[Aim of the exercise] Where an image appears in the data, omit it and reproduce the rest exactly.

[Given information]

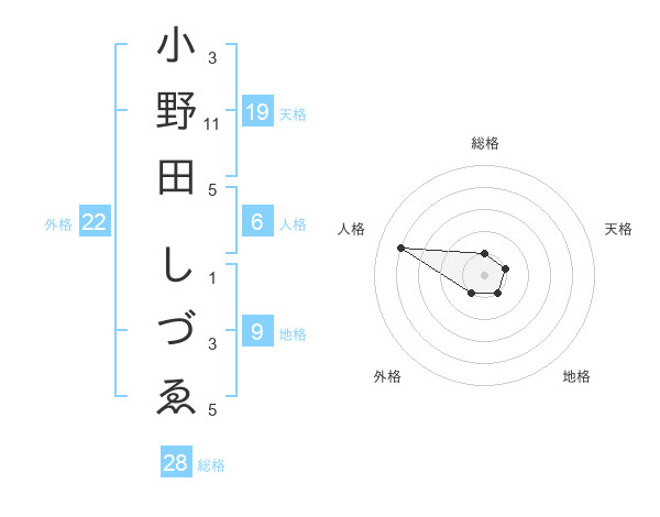 小野田 しづゑさんを姓名の画数から五運を鑑定
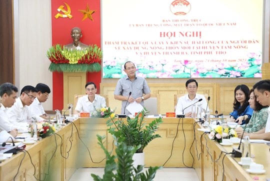 Ngày 24/10, Đoàn công tác của Ủy ban Trung ương MTTQ Việt Nam do đồng chí Hoàng Công Thủy - Phó Chủ tịch Ủy ban Trung ương MTTQ Việt Nam, Thành viên Ban chỉ đạo Trung ương các chương trình mục tiêu Quốc gia làm trưởng đoàn đã có chương trình làm việc với Ủy ban MTTQ tỉnh về thẩm tra kết quả lấy ý kiến sự hài lòng của người dân về xây dựng nông thôn mới (NTM) của các huyện Tam Nông, Thanh Ba, tỉnh Phú Thọ.
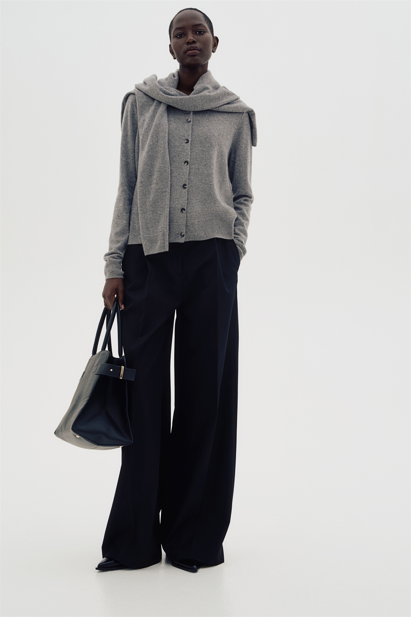 Свободный кардиган из мягкого кашемира тонкой вязки с круглым вырезом, отделанным ребрами, и пуговицами спереди. Манжеты и подол отделаны ребрами жесткости.

[Output below]
 小野田 しづゑさんを姓名の画数から五運を鑑定
 Ngày 24/10, Đoàn công tác của Ủy ban Trung ương MTTQ Việt Nam do đồng chí Hoàng Công Thủy - Phó Chủ tịch Ủy ban Trung ương MTTQ Việt Nam, Thành viên Ban chỉ đạo Trung ương các chương trình mục tiêu Quốc gia làm trưởng đoàn đã có chương trình làm việc với Ủy ban MTTQ tỉnh về thẩm tra kết quả lấy ý kiến sự hài lòng của người dân về xây dựng nông thôn mới (NTM) của các huyện Tam Nông, Thanh Ba, tỉnh Phú Thọ.
 Свободный кардиган из мягкого кашемира тонкой вязки с круглым вырезом, отделанным ребрами, и пуговицами спереди. Манжеты и подол отделаны ребрами жесткости.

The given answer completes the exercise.